▶ **BRIEF**: If a record contains a picture, skip the picture and transcribe the rest exactly.

▶ **MATERIAL FOR THIS EXERCISE**:
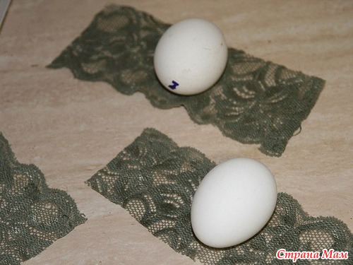 первый ряд справа, два нижних яйца - как раз те, что в рисе были обваляны. Третье- в шелуху было завернуто, а третий ряд, два верхних яйца - нитками обмотаны. Правда, нитки тонкие были, поэтому не слишком удачно получилось.
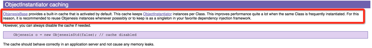 难道用Objenesis实例化类,每次都要加载这个类吗?继续看官方说明,可以看到:
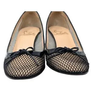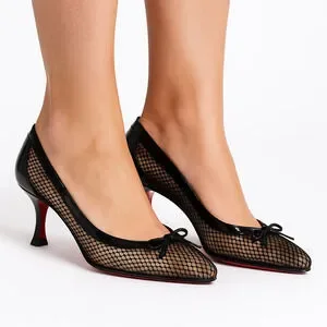 Christian Louboutin Marcia Rete Black Mesh Bow Heels Size 37
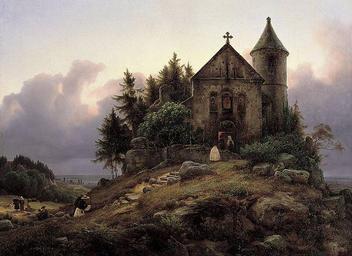 | Keywords: Die Waldkapelle (Lessing 1839).jpg Artwork Creator Carl Friedrich Lessing 1839 oil canvas cm 48 63 Institution Alte Nationalgalerie accession number W S 135 02532206 object history 1861 mit der Sammlung des Konsuls Wagener übernommen credit line exhibition history C F L 1839 ~ lower right signature and date http //iako livejournal com/207802 html iako livejournal com PD-old-100 DEFAULTSORT Lessing Carl Friedrich; Die Waldkapelle 1839; Alte Nationalgalerie Carl Friedrich Lessing Paintings in the Alte Nationalgalerie 1830s Landscape paintings 1839 paintings |
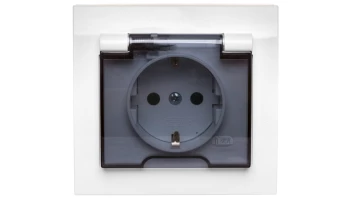 KIER Gniazdo bryzgoszczelne z/u IP44 z przesłonami klapka przezroczysta białe GPH-1WZP/00/d
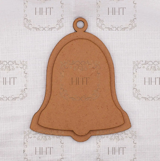 Laser Cut MDF, Holiday, Bell, Christmas Ornament, Blank, Base, Canvas, Overlay, 2 pc, Decoupage, Mixed Media, 6" x 7.75", 1/8" thick
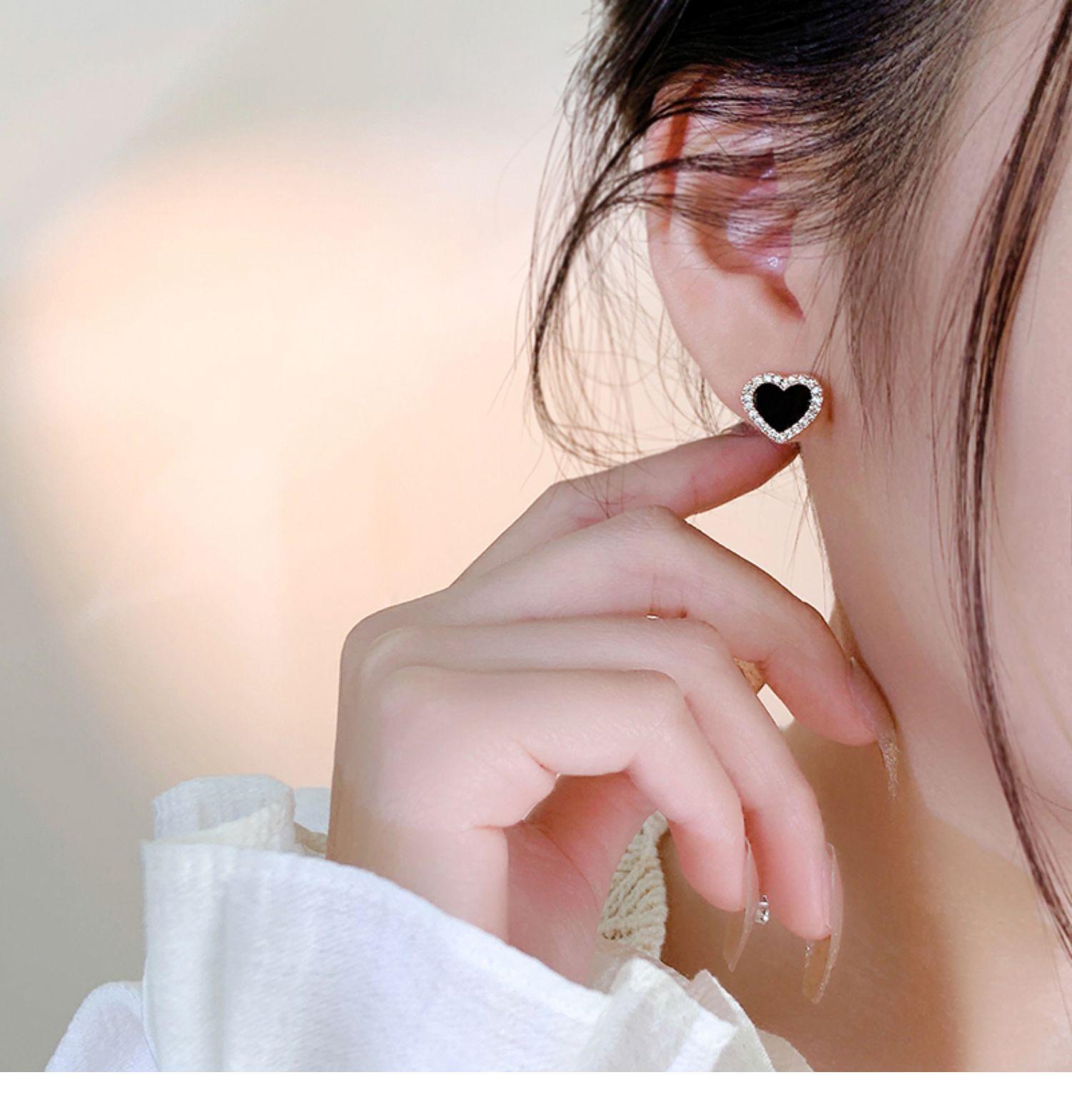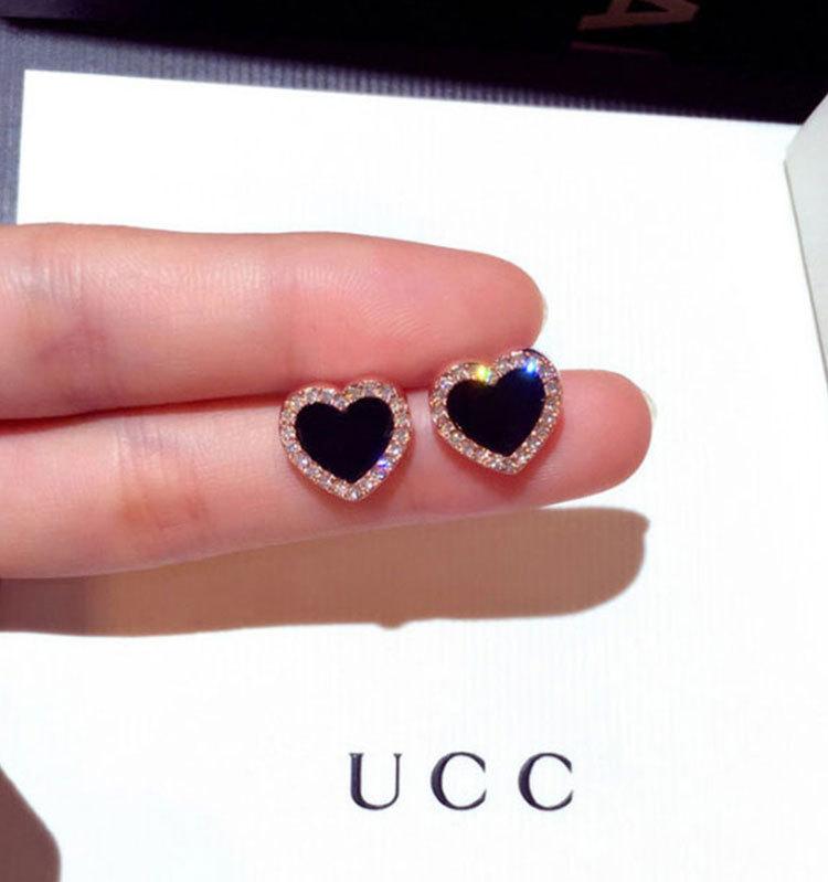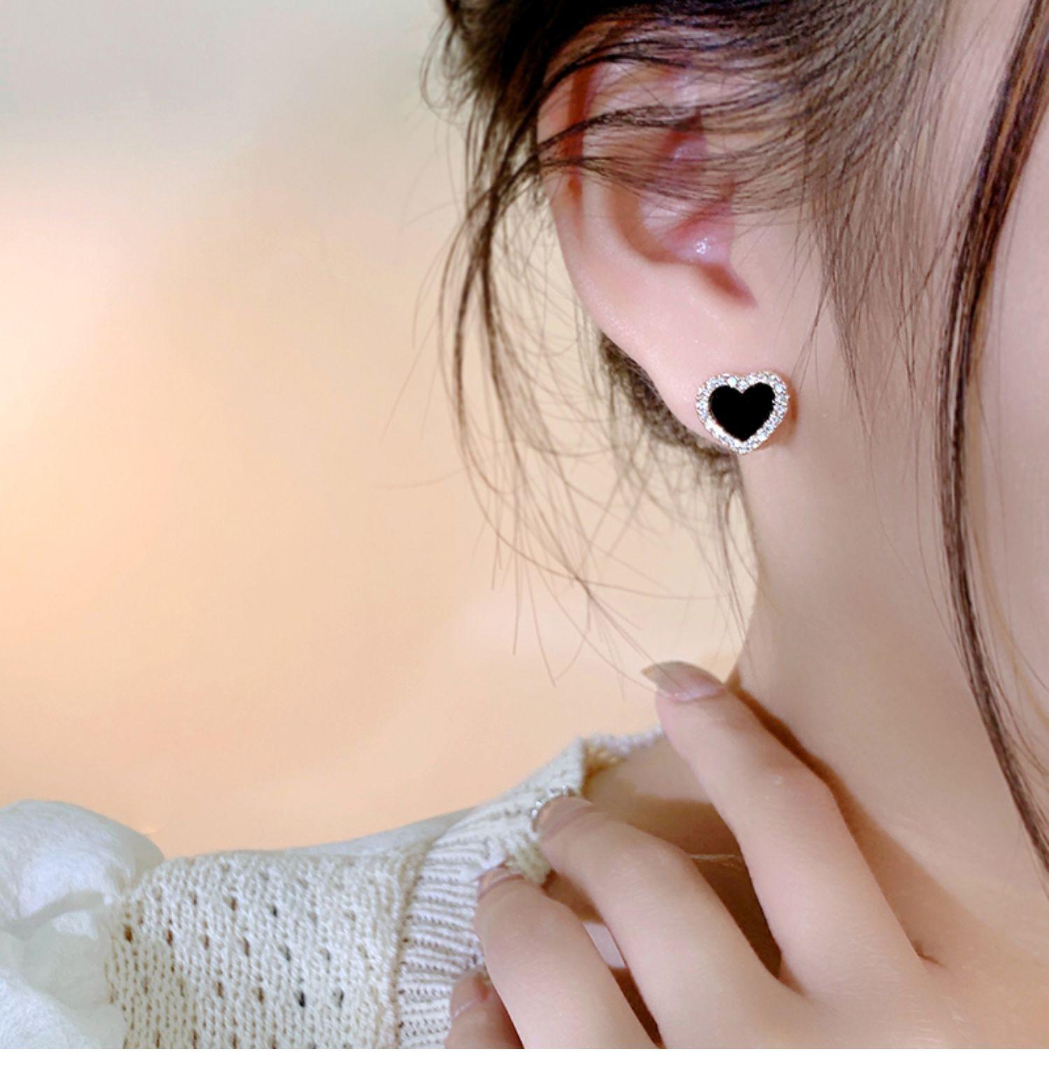 Pendientes de plata S925 con forma de aguja y corazón negro, de moda para mujer, 2024, de alta gama, ligeros y lujosos, con fragancia.
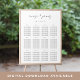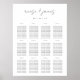 O gráfico moderno e mínimo de assentos de convidados de casamento oferece espaço para até 12 mesas de 10, ou 120 convidados. Seus nomes e data de casamento ou evento aparecem no topo em letras negras suaves.
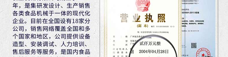廣州旭眾食品機(jī)械有限公司是一家集科研開(kāi)發(fā),生產(chǎn)設(shè)計(jì),營(yíng)銷服務(wù)為一體的現(xiàn)代化生產(chǎn)企業(yè)。現(xiàn)代化生產(chǎn)車間,精湛制造技術(shù),所產(chǎn)機(jī)械歷經(jīng)市場(chǎng)重重考驗(yàn),不斷贏得海內(nèi)外客戶的贊譽(yù)。
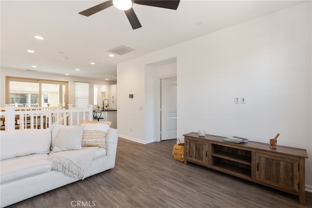 Welcome to 48 Jaripol Circle, located in the award-winning community of Rancho Mission Viejo and the charming Sage neighborhood. Recently refreshed with new paint, plush carpet, and modern fixtures, this home offers a warm yet contemporary atmosphere designed for both comfort and style. Step through the inviting front porch into a light-filled foyer, leading to a versatile bedroom with an en-suite bath—perfect for guests, multigenerational living, or a private home office. This level also features a discreet stacked laundry area, generous hallway storage, and direct access to the oversized two-car garage, with plenty of room for storage, a gym, or a workbench. Upstairs, soaring ceilings and abundant natural light define the open-concept living area. At the heart of the home, the gourmet kitchen showcases stainless steel appliances, sleek countertops, a spacious island with seating, and abundant cabinetry. The dining area and great room flow seamlessly to a covered balcony, ideal for outdoor dining or quiet evenings. The upper-level primary suite provides a private retreat with dual sinks, quartz countertops, and a walk-in shower. Blending elegance with practicality, this home is designed for both style and everyday efficiency. As a Rancho Mission Viejo resident, you’ll enjoy exclusive access to world-class amenities: resort-style pools and spas, fitness centers, sports courts, scenic trails, community farms, playgrounds, gardens, dog parks, and unique gathering spots like a coffee shop, arcade, and fire pits. Nearby retail and easy access to Los Patrones Parkway and the 241 Toll Road make everyday living effortless. 48 Jaripol Circle is a seamless blend of design, flexibility, and the vibrant Southern California lifestyle.
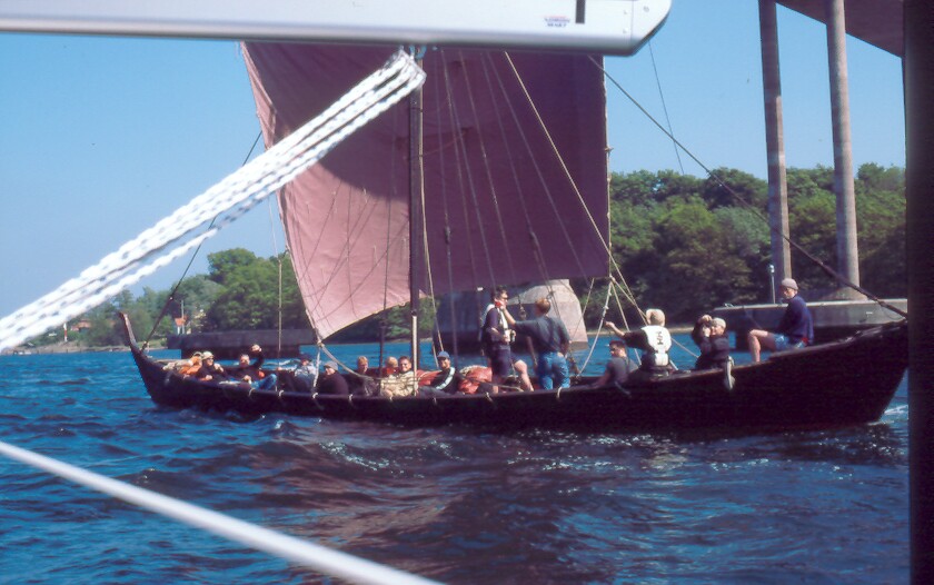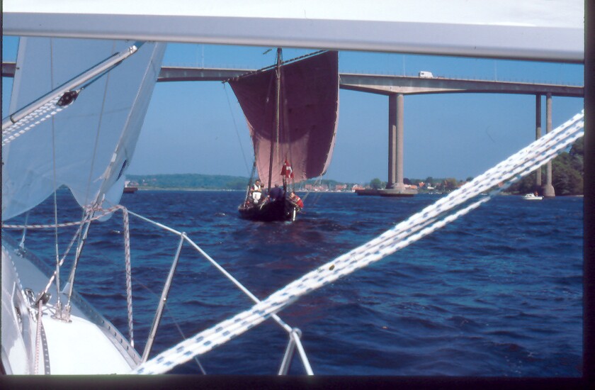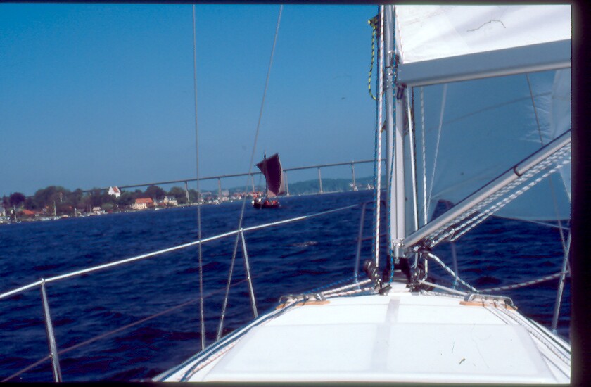 Dann, in der Einfahrt zum Svendborg-Sund, Wikingerschiff gesichtet. Lang, spitz, braunes Lateinersegel wird hochgezogen und entrollt, biertrinkende Schulklasse an Bord. Ich umfahre es mit einer Übungswende, denke, ich kann das auf dem Weiterweg mehrfach wiederholen, um mich am Anblick zu erfreuen, aber weit gefehlt. Der Museumskahn ist, einmal in Fahrt, nicht einzuholen, hängt mich sogar ab! Cruiser-Racer! Gibts offenbar seit tausend Jahren. Länge läuft.

▶ **FINAL ANSWER**:
 первый ряд справа, два нижних яйца - как раз те, что в рисе были обваляны. Третье- в шелуху было завернуто, а третий ряд, два верхних яйца - нитками обмотаны. Правда, нитки тонкие были, поэтому не слишком удачно получилось.
 难道用Objenesis实例化类,每次都要加载这个类吗?继续看官方说明,可以看到:
 Christian Louboutin Marcia Rete Black Mesh Bow Heels Size 37
 | Keywords: Die Waldkapelle (Lessing 1839).jpg Artwork Creator Carl Friedrich Lessing 1839 oil canvas cm 48 63 Institution Alte Nationalgalerie accession number W S 135 02532206 object history 1861 mit der Sammlung des Konsuls Wagener übernommen credit line exhibition history C F L 1839 ~ lower right signature and date http //iako livejournal com/207802 html iako livejournal com PD-old-100 DEFAULTSORT Lessing Carl Friedrich; Die Waldkapelle 1839; Alte Nationalgalerie Carl Friedrich Lessing Paintings in the Alte Nationalgalerie 1830s Landscape paintings 1839 paintings |
 KIER Gniazdo bryzgoszczelne z/u IP44 z przesłonami klapka przezroczysta białe GPH-1WZP/00/d
 Laser Cut MDF, Holiday, Bell, Christmas Ornament, Blank, Base, Canvas, Overlay, 2 pc, Decoupage, Mixed Media, 6" x 7.75", 1/8" thick
 Pendientes de plata S925 con forma de aguja y corazón negro, de moda para mujer, 2024, de alta gama, ligeros y lujosos, con fragancia.
 O gráfico moderno e mínimo de assentos de convidados de casamento oferece espaço para até 12 mesas de 10, ou 120 convidados. Seus nomes e data de casamento ou evento aparecem no topo em letras negras suaves.
廣州旭眾食品機(jī)械有限公司是一家集科研開(kāi)發(fā),生產(chǎn)設(shè)計(jì),營(yíng)銷服務(wù)為一體的現(xiàn)代化生產(chǎn)企業(yè)。現(xiàn)代化生產(chǎn)車間,精湛制造技術(shù),所產(chǎn)機(jī)械歷經(jīng)市場(chǎng)重重考驗(yàn),不斷贏得海內(nèi)外客戶的贊譽(yù)。
 Welcome to 48 Jaripol Circle, located in the award-winning community of Rancho Mission Viejo and the charming Sage neighborhood. Recently refreshed with new paint, plush carpet, and modern fixtures, this home offers a warm yet contemporary atmosphere designed for both comfort and style. Step through the inviting front porch into a light-filled foyer, leading to a versatile bedroom with an en-suite bath—perfect for guests, multigenerational living, or a private home office. This level also features a discreet stacked laundry area, generous hallway storage, and direct access to the oversized two-car garage, with plenty of room for storage, a gym, or a workbench. Upstairs, soaring ceilings and abundant natural light define the open-concept living area. At the heart of the home, the gourmet kitchen showcases stainless steel appliances, sleek countertops, a spacious island with seating, and abundant cabinetry. The dining area and great room flow seamlessly to a covered balcony, ideal for outdoor dining or quiet evenings. The upper-level primary suite provides a private retreat with dual sinks, quartz countertops, and a walk-in shower. Blending elegance with practicality, this home is designed for both style and everyday efficiency. As a Rancho Mission Viejo resident, you’ll enjoy exclusive access to world-class amenities: resort-style pools and spas, fitness centers, sports courts, scenic trails, community farms, playgrounds, gardens, dog parks, and unique gathering spots like a coffee shop, arcade, and fire pits. Nearby retail and easy access to Los Patrones Parkway and the 241 Toll Road make everyday living effortless. 48 Jaripol Circle is a seamless blend of design, flexibility, and the vibrant Southern California lifestyle.
 Dann, in der Einfahrt zum Svendborg-Sund, Wikingerschiff gesichtet. Lang, spitz, braunes Lateinersegel wird hochgezogen und entrollt, biertrinkende Schulklasse an Bord. Ich umfahre es mit einer Übungswende, denke, ich kann das auf dem Weiterweg mehrfach wiederholen, um mich am Anblick zu erfreuen, aber weit gefehlt. Der Museumskahn ist, einmal in Fahrt, nicht einzuholen, hängt mich sogar ab! Cruiser-Racer! Gibts offenbar seit tausend Jahren. Länge läuft.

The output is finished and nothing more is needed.